LeroyDyer/Mixtral_AI_Cyber_Q_Vision

https://github.com/spydaz

VisionEncoderDecoderModel is a generic model class that will be instantiated as a transformer architecture with one of the base vision model classes of the library as encoder and another one as decoder when created with the :

#  class method for the encoder and :
transformers.AutoModel.from_pretrained
# class method for the decoder.
transformers.AutoModelForCausalLM.from_pretrained 

Model Description

This is an experiment in vision - the model has been created as a mistral/VisionEncoder/Decoder

Customized from:


BaseModel:
- Mixtral_AI_Cyber_Matrix_2.0(7b) 
Decoder: 
- Locutusque/TinyMistral-248M-v2
ImageProcessor:
- ikim-uk-essen/BiomedCLIP_ViT_patch16_224
- Lin-Chen/ShareGPT4V-7B_Pretrained_vit-large336-l12
Encoder:
- google/vit-base-patch16-224-in21k


  • Developed by: [LeroyDyer]
  • Model type: [image-text-to-image-text]
  • Language(s) (NLP): [English]

Summary

This is the model card of a 🤗 transformers model that has been pushed on the Hub. Previous vision models have been 50/50 as the multimodel model actully requires a lot of memory and gpu and harddrive space to create; the past versions have been attempts to Merge the capabilitys into the main mistral model whilst still retaining its mistral tag!

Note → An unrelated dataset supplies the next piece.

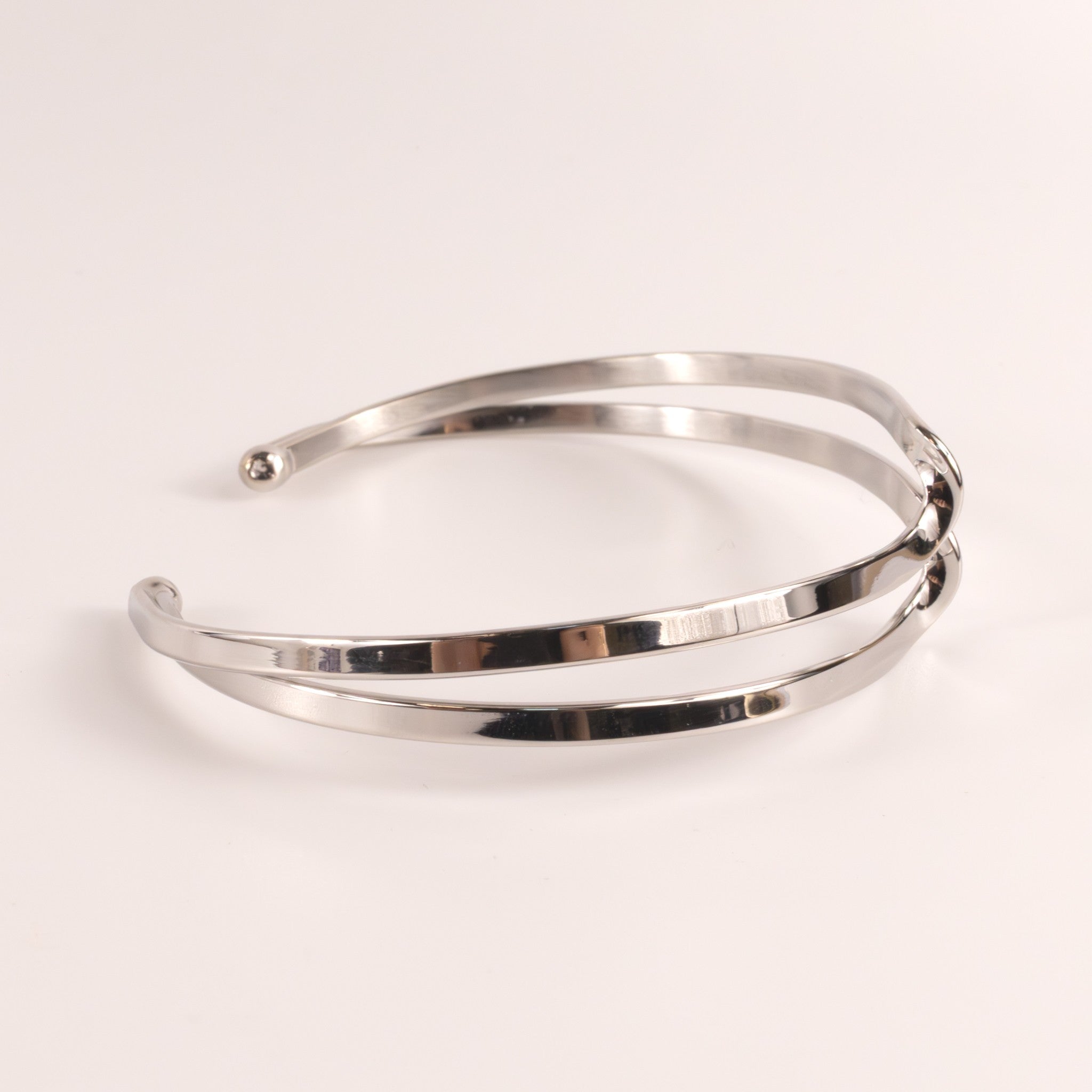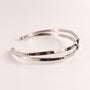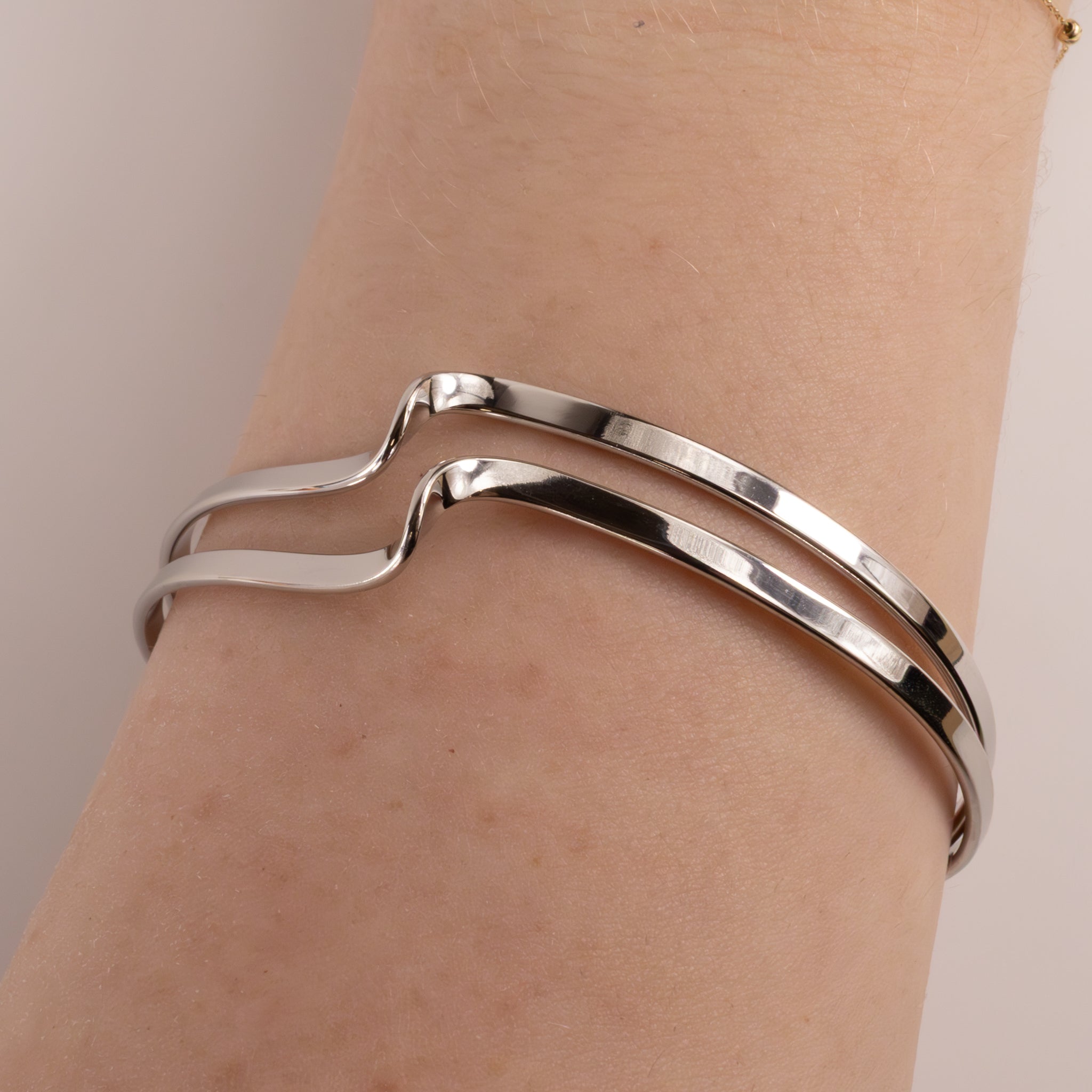 This bangle is made of sterling silver. It features a two-row wave. The bracelet is for a 7" wrist. It is 18.5mm at its widest point.

After reading many hugging face articles:

The BackBone Issue is the main cause of creating multi modals !:

with the advent of tiny models we are able to leverage the decoder abilitys as a single expert-ish... within the model : by reducing the size to a fully trainined tiny model! this will only produce decodings and not conversations so it needs to be smart and respond with defined answers: but in general it will produce captions: but as domain based it may be specialized in medical or art etc:

The main llm still needs to retain these models within hence the back bone method of instigating a VisionEncoderDecoder model: istead of a llava model which still need wrangling to work correctly without spoiling the original transformers installation: Previous experiments proved that the mistral large model could be used as a decoder but the total model jumped to 13b so the when applying the tiny model it was only effected by the weight of the model 248M

How to Get Started with the Model

VisionEncoderDecoderModel

As a vision encoder model :

the tensors are combined into the original mistral model so it can be accessed by intaciating the correct model which is the VisionEncoderDecoderModel

from transformers import AutoProcessor, VisionEncoderDecoderModel
import requests
from PIL import Image
import torch

processor = AutoProcessor.from_pretrained("LeroyDyer/Mixtral_AI_Cyber_Q_Vision")
model = VisionEncoderDecoderModel.from_pretrained("LeroyDyer/Mixtral_AI_Cyber_Q_Vision")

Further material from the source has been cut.